The following is the first page of a story from a graded reader on Tadoku (https://tadoku.org/). The original file is a PDF; here I just pasted in an image to share.
I haven’t used LingQ for Japanese, but I was curious about this. While studying one language or another, haphazardly, I have seen some imports work and others not work. I decided to give your import a try.
Overall, my experience was better than yours. I hope this helps you get past the hurdle that is blocking you, @gmeyer.
On Windows 11, I downloaded w0004e-michikonohoshizora-v2.pdf (not w0004p-michikonohoshizora-v2.pdf). Viewing lingq.com with a Chrome web browser, I used drag-and-drop to import that file. It worked OK. I got a normal LingQ lesson. My web browser view says that the LingQ lesson has 67 pages. Sentence View sees 670 sentences. So far, so good.
The last section of Japanese text in that lesson is labelled “33”, meaning “end of page 33” of the 50 page PDF. So there are 17 missing pages from that lesson. That is normal. That happens when importing one long file (PDF, TXT, etc) into LingQ. Lingq tries to split the one too-long PDF into many LingQ lessons. The split worked for me. One PDF, two lessons.

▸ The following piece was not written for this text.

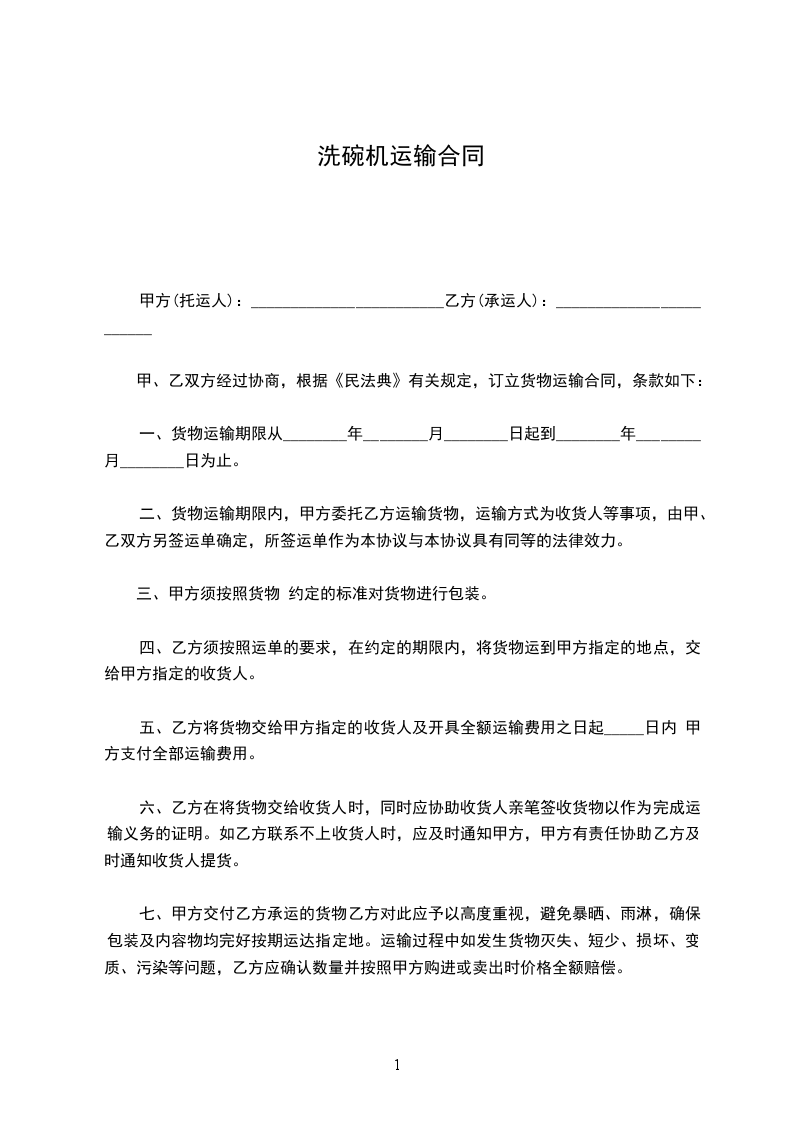 甲、乙双方经过协商,根据《民法典》有关规定,订立货物运输合同,条款如下:

There is some material on page one that is not proper Japanese. Stuff like the following. Not a problem, just push past it.
The learning material starts on page five of LingQ lesson 1 (of the 2 lessons generated by the one PDF). The lesson is useable, but the LingQ import does not do word segmentation as well as a human, and you have to be tolerant of transposed furigana. Sometimes the furigana are transposed quite a distance from where you might expect. An example is “ekimae”. A sample from what I see:
I am unable to import pdf files that have images in them both for German and English. I tried converting them into txt format with Calibre ; failed conversion. I am left to import pdf/txt files that have no images/pictures in them.
@gmeyer LingQ can import PDF files (click the import button near the top right of your library screen on desktop).
However, the PDF file you shared cannot be imported. Vertical Japanese is tricky. Furthermore, I noticed that I’m unable to run my cursor over the text and highlight. If that’s not possible, most likely the text cannot be imported.
Here’s a PDF file that can be imported. However, it’s written horizontally.
I tried another PDF that was written vertically.
LingQ is able to import the file but the text is not in the correct order. I’ll ask the dev team if this can be solved.
@gmeyer Right now, LingQ is not planning to develop a way to import vertical Japanese text from PDF and re-format horizontally.
However, I fiddled around with ChatGPT and was able to extract the text from the PDF without furigana. From there, I manually imported the text into LingQ. So, there is a way to do it but it just takes a bit of time and prompting.
Prompt: “I would like you to extract the text and format it vertically. Omit furigana”.
I was able to do a page no problem. It may take multple prompts back and forth to do an entire novel. As long as the PDF text can be highlighted, text extraction is possible.